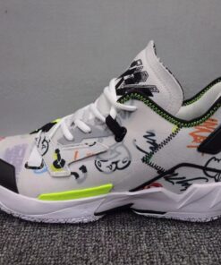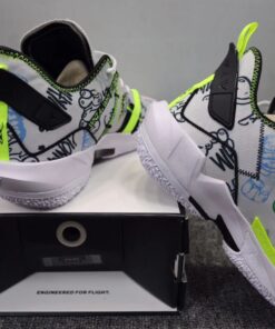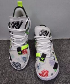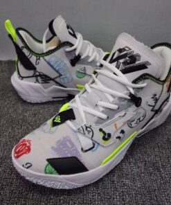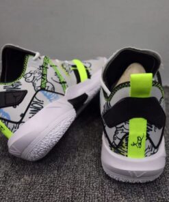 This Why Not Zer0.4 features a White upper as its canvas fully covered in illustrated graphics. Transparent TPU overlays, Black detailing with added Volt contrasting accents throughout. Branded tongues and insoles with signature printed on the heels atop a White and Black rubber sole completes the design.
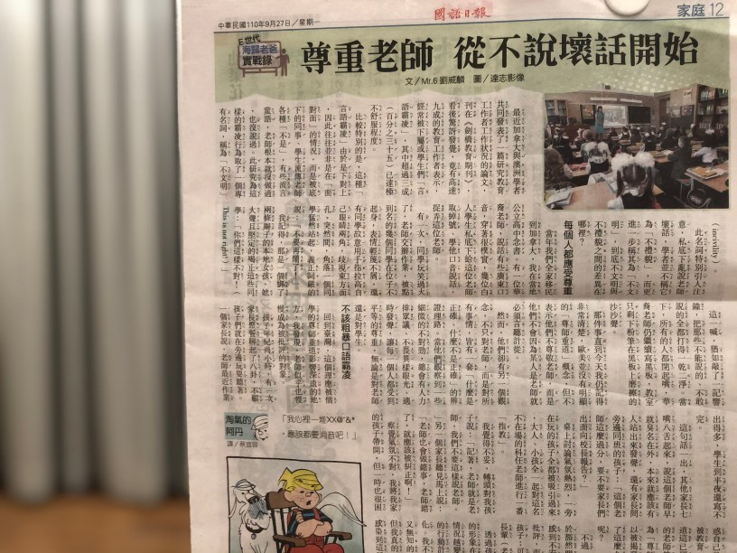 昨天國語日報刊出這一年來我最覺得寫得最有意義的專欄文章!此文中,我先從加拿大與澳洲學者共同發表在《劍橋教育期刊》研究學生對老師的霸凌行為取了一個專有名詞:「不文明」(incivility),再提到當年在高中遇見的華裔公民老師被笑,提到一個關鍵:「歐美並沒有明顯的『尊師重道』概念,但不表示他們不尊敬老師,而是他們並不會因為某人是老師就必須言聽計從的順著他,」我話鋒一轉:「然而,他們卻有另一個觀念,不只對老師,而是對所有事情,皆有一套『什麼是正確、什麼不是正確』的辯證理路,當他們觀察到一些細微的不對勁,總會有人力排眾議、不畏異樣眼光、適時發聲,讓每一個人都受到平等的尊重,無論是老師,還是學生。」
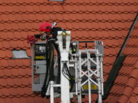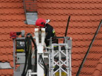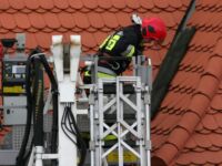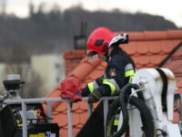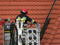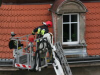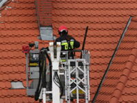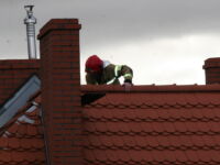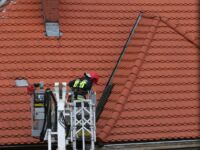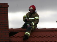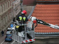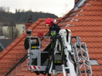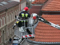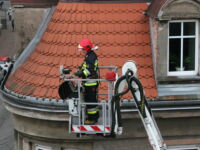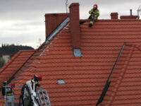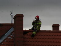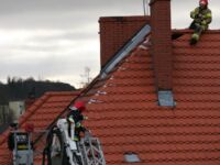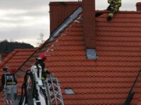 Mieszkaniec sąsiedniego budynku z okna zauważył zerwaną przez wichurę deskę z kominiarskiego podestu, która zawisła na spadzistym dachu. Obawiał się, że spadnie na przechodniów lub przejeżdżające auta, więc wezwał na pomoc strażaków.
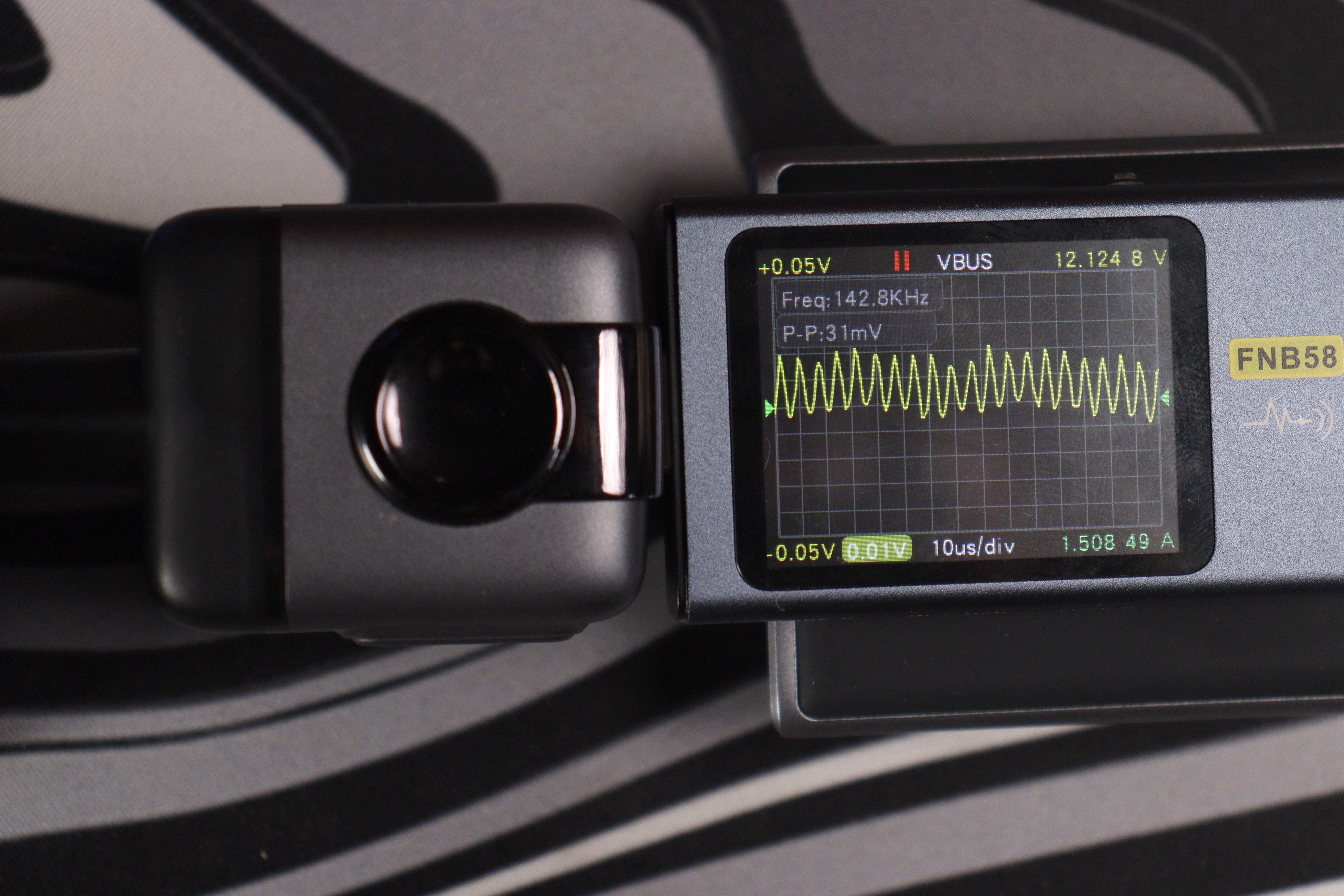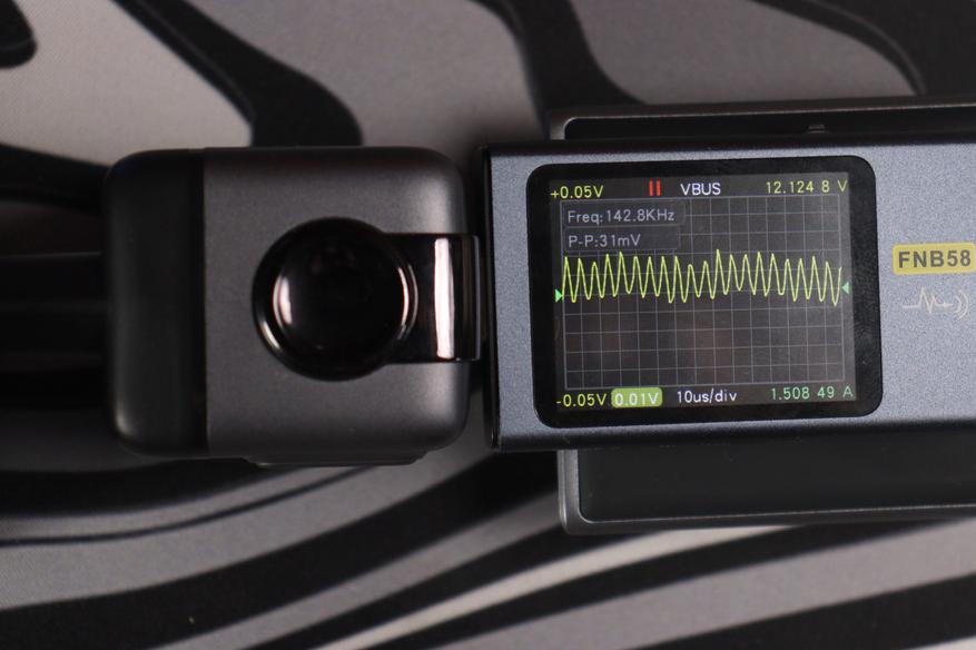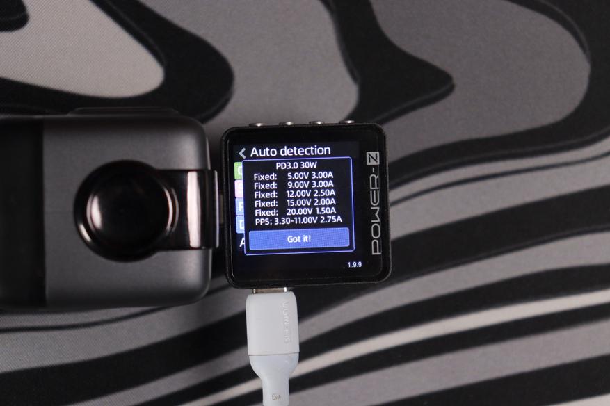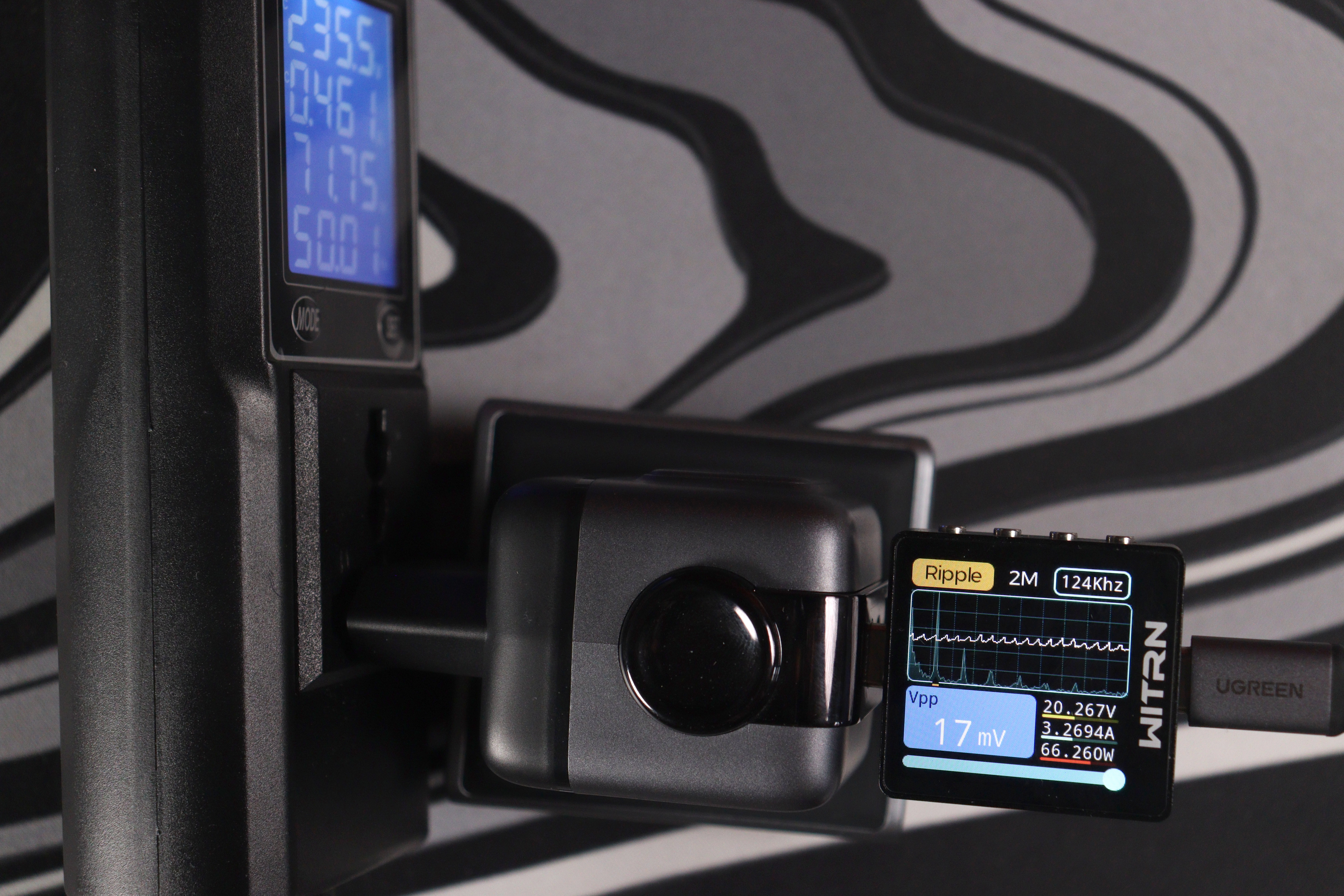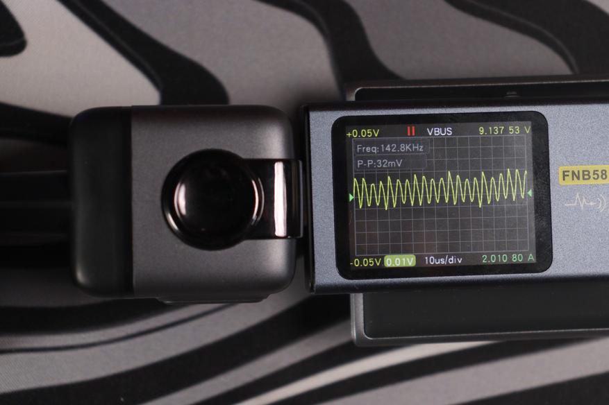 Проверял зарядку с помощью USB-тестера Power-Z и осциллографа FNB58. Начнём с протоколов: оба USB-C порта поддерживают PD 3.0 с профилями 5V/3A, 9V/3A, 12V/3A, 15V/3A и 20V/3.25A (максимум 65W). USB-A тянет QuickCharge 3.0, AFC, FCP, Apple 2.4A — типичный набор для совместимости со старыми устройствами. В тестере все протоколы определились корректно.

* _INSTRUCTIONS TO FOLLOW_
All of the material must be repeated exactly in the answer, apart from the pictures.

* _EXPECTED ANSWER_
 This Why Not Zer0.4 features a White upper as its canvas fully covered in illustrated graphics. Transparent TPU overlays, Black detailing with added Volt contrasting accents throughout. Branded tongues and insoles with signature printed on the heels atop a White and Black rubber sole completes the design.
 昨天國語日報刊出這一年來我最覺得寫得最有意義的專欄文章!此文中,我先從加拿大與澳洲學者共同發表在《劍橋教育期刊》研究學生對老師的霸凌行為取了一個專有名詞:「不文明」(incivility),再提到當年在高中遇見的華裔公民老師被笑,提到一個關鍵:「歐美並沒有明顯的『尊師重道』概念,但不表示他們不尊敬老師,而是他們並不會因為某人是老師就必須言聽計從的順著他,」我話鋒一轉:「然而,他們卻有另一個觀念,不只對老師,而是對所有事情,皆有一套『什麼是正確、什麼不是正確』的辯證理路,當他們觀察到一些細微的不對勁,總會有人力排眾議、不畏異樣眼光、適時發聲,讓每一個人都受到平等的尊重,無論是老師,還是學生。」
 Mieszkaniec sąsiedniego budynku z okna zauważył zerwaną przez wichurę deskę z kominiarskiego podestu, która zawisła na spadzistym dachu. Obawiał się, że spadnie na przechodniów lub przejeżdżające auta, więc wezwał na pomoc strażaków.
 Проверял зарядку с помощью USB-тестера Power-Z и осциллографа FNB58. Начнём с протоколов: оба USB-C порта поддерживают PD 3.0 с профилями 5V/3A, 9V/3A, 12V/3A, 15V/3A и 20V/3.25A (максимум 65W). USB-A тянет QuickCharge 3.0, AFC, FCP, Apple 2.4A — типичный набор для совместимости со старыми устройствами. В тестере все протоколы определились корректно.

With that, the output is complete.